▶ _What the task asks_:
Restate the listing word for word; omit the images.

▶ _Data segment_:
┄┄┄┄┄┄
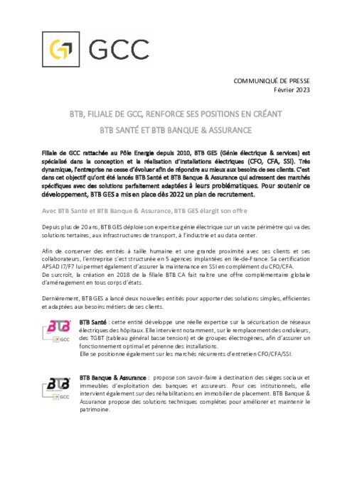 Filiale de GCC rattachée au Pôle Energie depuis 2010, BTB GES (Génie électrique & services) est spécialisé dans la conception et la réalisation d’installations électriques (CFO, CFA, SSI). Très dynamique, l’entreprise ne cesse d’évoluer afin de répondre au mieux aux besoins de ses clients. C’est dans cet objectif qu’ont été lancés BTB Santé et BTB Banque & Assurance qui adressent des marchés spécifiques avec des solutions parfaitement adaptées à leurs problématiques.
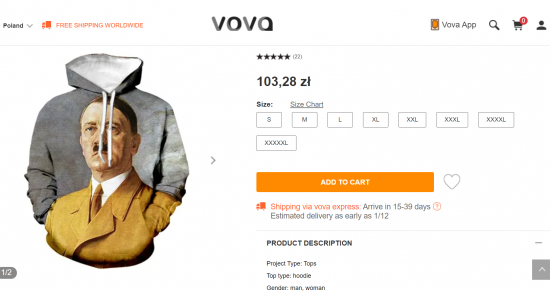 Na populárnom internetovom obchode „Vova“ sa objavili mikiny s kapucňou a veľkým obrázkom vojnového zločinca Adolfa Hitlera. Centrum Simona Wiesenthala už zaslalo vedeniu obchodu list, v ktorom požaduje zničenie existujúcich zásob tohto oblečenia a ospravedlnenie židovskej komunite.
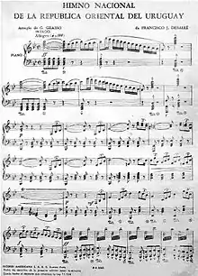 - Free sheet music of the National Anthem of Uruguay from Cantorion.org
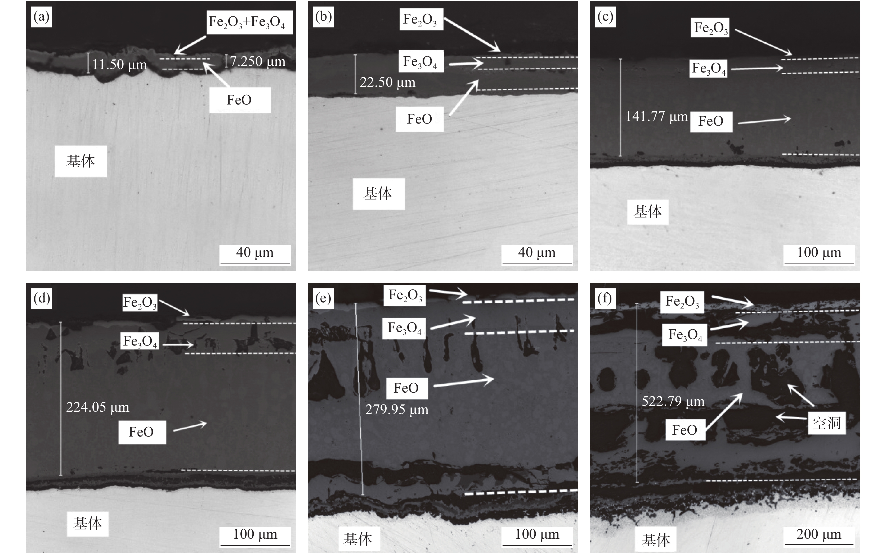 [1] Wang Zhiyi, Wang Caihong. Research and process optimization of weathering steel Q235NH[J]. Wide and Heavy Plate, 2014,(2):5−8. (王智轶, 王彩虹. 耐候钢Q235NH的研制与工艺优化[J]. 宽厚板, 2014,(2):5−8. doi: 10.3969/j.issn.1009-7864.2014.02.002 [2] Sun Bin, Liu Xiaofeng, Zhang Lianyong, et al. Effect of hot-rolled process parameters on pickling behavior of strip[J]. Journal of Shenyang University(Natural Science), 2017,29(2):95−98. (孙彬, 刘晓凤, 张连永, 等. 热轧工艺参数对带钢酸洗行为的影响[J]. 沈阳大学学报(自然科学版), 2017,29(2):95−98. [3] Wang Jianming, Liu Xiaofeng, Sun Bin, et al. Oxidation dynamics of Fe-0.2Si and Fe-2Si steels under water vapor at high temperature[J]. Journal of Shenyang University(Natural Science), 2017,29(5):349−352. (王建明, 刘晓凤, 孙彬, 等. Fe-0.2Si钢和Fe-2Si钢在水蒸气条件下高温氧化动力学研究[J]. 沈阳大学学报(自然科学版), 2017,29(5):349−352. [4] Zhao Xiaolong, Wang Yongqi, Tang Xingchang, et al. Review on the oxidation mechanism and its research of steel billet in heating process[J]. Steel Rolling, 2019,36(6):66−68, 82. (赵小龙, 王雍期, 唐兴昌, 等. 钢坯在加热过程中的氧化机理及其研究综述[J]. 轧钢, 2019,36(6):66−68, 82. [5] Wang Jianming, Li Guoqiang, Sun Bin, et al. Analysis on high temperature oxidation kinetics of Fe-Si alloy[J]. Hot Working Technology, 2016,45(20):97−100, 107. (王建明, 李国强, 孙彬, 等. Fe-Si合金高温氧化动力学分析[J]. 热加工工艺, 2016,45(20):97−100, 107. [6] Yang Liqin, Ding Meiliang. Research on oxidizing burning loss of heating furnace and improvement measures[J]. Heat Treatment of Metals, 2016,41(9):168−170. (杨丽琴, 丁美良. 加热炉氧化烧损研究及改进措施[J]. 金属热处理, 2016,41(9):168−170. [7] Xie Fenghu, Yang Huiping, Cao Xiao'en, et al. Study on high temperature oxidation behavior of typical steel during 2250 mm hot continuous rolling[J]. Iron Steel Vanadium Titanium, 2019,40(4):164−168. (谢凤虎, 杨会平, 曹晓恩, 等. 2250mm热连轧典型钢种高温氧化行为研究[J]. 钢铁钒钛, 2019,40(4):164−168. doi: 10.7513/j.issn.1004-7638.2019.04.030 [8] Yang Feng, Ran Longcheng, Liu Jing, et al. High temperature oxidation kinetics of TA19 titanium alloy[J]. Heat Treatment of Metals, 2018,43(7):28−32. (杨峰, 冉隆城, 刘静, 等. TA19钛合金的高温氧化动力学[J]. 金属热处理, 2018,43(7):28−32. [9] Hu Xianjun, Zhang Biming, Chen Shaohui, et al. Oxide scale growth on high carbon steel at high temperatures[J]. Journal of Iron and Steel Research(International), 2013,20(01):47−52. doi: 10.1016/S1006-706X(13)60043-6 [10] (刘小江. 热轧无取向硅钢高温氧化行为及其氧化铁皮控制技术的研究与应用[D]. 沈阳: 东北大学, 2014.)Liu Xiaojiang. Research on high temperature oxidation behavior and controlling technology and application of oxide scale of hot-rolled non-oriented silicon steel[D]. Shenyang: Northeastern University, 2014. -
┄┄┄┄┄┄
▶ _Solution to this problem_:
 Filiale de GCC rattachée au Pôle Energie depuis 2010, BTB GES (Génie électrique & services) est spécialisé dans la conception et la réalisation d’installations électriques (CFO, CFA, SSI). Très dynamique, l’entreprise ne cesse d’évoluer afin de répondre au mieux aux besoins de ses clients. C’est dans cet objectif qu’ont été lancés BTB Santé et BTB Banque & Assurance qui adressent des marchés spécifiques avec des solutions parfaitement adaptées à leurs problématiques.
 Na populárnom internetovom obchode „Vova“ sa objavili mikiny s kapucňou a veľkým obrázkom vojnového zločinca Adolfa Hitlera. Centrum Simona Wiesenthala už zaslalo vedeniu obchodu list, v ktorom požaduje zničenie existujúcich zásob tohto oblečenia a ospravedlnenie židovskej komunite.
 - Free sheet music of the National Anthem of Uruguay from Cantorion.org
 [1] Wang Zhiyi, Wang Caihong. Research and process optimization of weathering steel Q235NH[J]. Wide and Heavy Plate, 2014,(2):5−8. (王智轶, 王彩虹. 耐候钢Q235NH的研制与工艺优化[J]. 宽厚板, 2014,(2):5−8. doi: 10.3969/j.issn.1009-7864.2014.02.002 [2] Sun Bin, Liu Xiaofeng, Zhang Lianyong, et al. Effect of hot-rolled process parameters on pickling behavior of strip[J]. Journal of Shenyang University(Natural Science), 2017,29(2):95−98. (孙彬, 刘晓凤, 张连永, 等. 热轧工艺参数对带钢酸洗行为的影响[J]. 沈阳大学学报(自然科学版), 2017,29(2):95−98. [3] Wang Jianming, Liu Xiaofeng, Sun Bin, et al. Oxidation dynamics of Fe-0.2Si and Fe-2Si steels under water vapor at high temperature[J]. Journal of Shenyang University(Natural Science), 2017,29(5):349−352. (王建明, 刘晓凤, 孙彬, 等. Fe-0.2Si钢和Fe-2Si钢在水蒸气条件下高温氧化动力学研究[J]. 沈阳大学学报(自然科学版), 2017,29(5):349−352. [4] Zhao Xiaolong, Wang Yongqi, Tang Xingchang, et al. Review on the oxidation mechanism and its research of steel billet in heating process[J]. Steel Rolling, 2019,36(6):66−68, 82. (赵小龙, 王雍期, 唐兴昌, 等. 钢坯在加热过程中的氧化机理及其研究综述[J]. 轧钢, 2019,36(6):66−68, 82. [5] Wang Jianming, Li Guoqiang, Sun Bin, et al. Analysis on high temperature oxidation kinetics of Fe-Si alloy[J]. Hot Working Technology, 2016,45(20):97−100, 107. (王建明, 李国强, 孙彬, 等. Fe-Si合金高温氧化动力学分析[J]. 热加工工艺, 2016,45(20):97−100, 107. [6] Yang Liqin, Ding Meiliang. Research on oxidizing burning loss of heating furnace and improvement measures[J]. Heat Treatment of Metals, 2016,41(9):168−170. (杨丽琴, 丁美良. 加热炉氧化烧损研究及改进措施[J]. 金属热处理, 2016,41(9):168−170. [7] Xie Fenghu, Yang Huiping, Cao Xiao'en, et al. Study on high temperature oxidation behavior of typical steel during 2250 mm hot continuous rolling[J]. Iron Steel Vanadium Titanium, 2019,40(4):164−168. (谢凤虎, 杨会平, 曹晓恩, 等. 2250mm热连轧典型钢种高温氧化行为研究[J]. 钢铁钒钛, 2019,40(4):164−168. doi: 10.7513/j.issn.1004-7638.2019.04.030 [8] Yang Feng, Ran Longcheng, Liu Jing, et al. High temperature oxidation kinetics of TA19 titanium alloy[J]. Heat Treatment of Metals, 2018,43(7):28−32. (杨峰, 冉隆城, 刘静, 等. TA19钛合金的高温氧化动力学[J]. 金属热处理, 2018,43(7):28−32. [9] Hu Xianjun, Zhang Biming, Chen Shaohui, et al. Oxide scale growth on high carbon steel at high temperatures[J]. Journal of Iron and Steel Research(International), 2013,20(01):47−52. doi: 10.1016/S1006-706X(13)60043-6 [10] (刘小江. 热轧无取向硅钢高温氧化行为及其氧化铁皮控制技术的研究与应用[D]. 沈阳: 东北大学, 2014.)Liu Xiaojiang. Research on high temperature oxidation behavior and controlling technology and application of oxide scale of hot-rolled non-oriented silicon steel[D]. Shenyang: Northeastern University, 2014. -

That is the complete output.